● **Supplied material**:
========================================================================

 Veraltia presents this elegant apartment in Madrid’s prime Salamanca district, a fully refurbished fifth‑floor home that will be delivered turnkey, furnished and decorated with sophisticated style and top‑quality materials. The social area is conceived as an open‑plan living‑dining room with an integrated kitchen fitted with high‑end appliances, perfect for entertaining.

========================================================================

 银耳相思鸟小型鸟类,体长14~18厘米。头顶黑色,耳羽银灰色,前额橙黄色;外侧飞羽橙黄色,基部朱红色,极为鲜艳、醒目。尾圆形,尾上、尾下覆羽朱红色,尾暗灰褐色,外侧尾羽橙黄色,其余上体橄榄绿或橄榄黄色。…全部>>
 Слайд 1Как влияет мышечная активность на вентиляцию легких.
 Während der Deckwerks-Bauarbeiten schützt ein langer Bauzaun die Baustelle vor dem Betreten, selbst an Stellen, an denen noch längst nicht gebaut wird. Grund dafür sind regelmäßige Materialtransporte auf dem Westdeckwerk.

========================================================================

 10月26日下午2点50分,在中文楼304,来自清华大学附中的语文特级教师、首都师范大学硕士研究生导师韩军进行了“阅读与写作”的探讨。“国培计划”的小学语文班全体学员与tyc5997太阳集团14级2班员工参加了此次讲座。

========================================================================

● **Task directions**: Please transcribe exactly the lines above from the line that has "银耳相思鸟小型鸟类,体长14" up to and including the line that has "Während der Deckwerks-Bauarbeiten"; no other line belongs in the answer.

● **Result of this task**:
 银耳相思鸟小型鸟类,体长14~18厘米。头顶黑色,耳羽银灰色,前额橙黄色;外侧飞羽橙黄色,基部朱红色,极为鲜艳、醒目。尾圆形,尾上、尾下覆羽朱红色,尾暗灰褐色,外侧尾羽橙黄色,其余上体橄榄绿或橄榄黄色。…全部>>
 Слайд 1Как влияет мышечная активность на вентиляцию легких.
 Während der Deckwerks-Bauarbeiten schützt ein langer Bauzaun die Baustelle vor dem Betreten, selbst an Stellen, an denen noch längst nicht gebaut wird. Grund dafür sind regelmäßige Materialtransporte auf dem Westdeckwerk.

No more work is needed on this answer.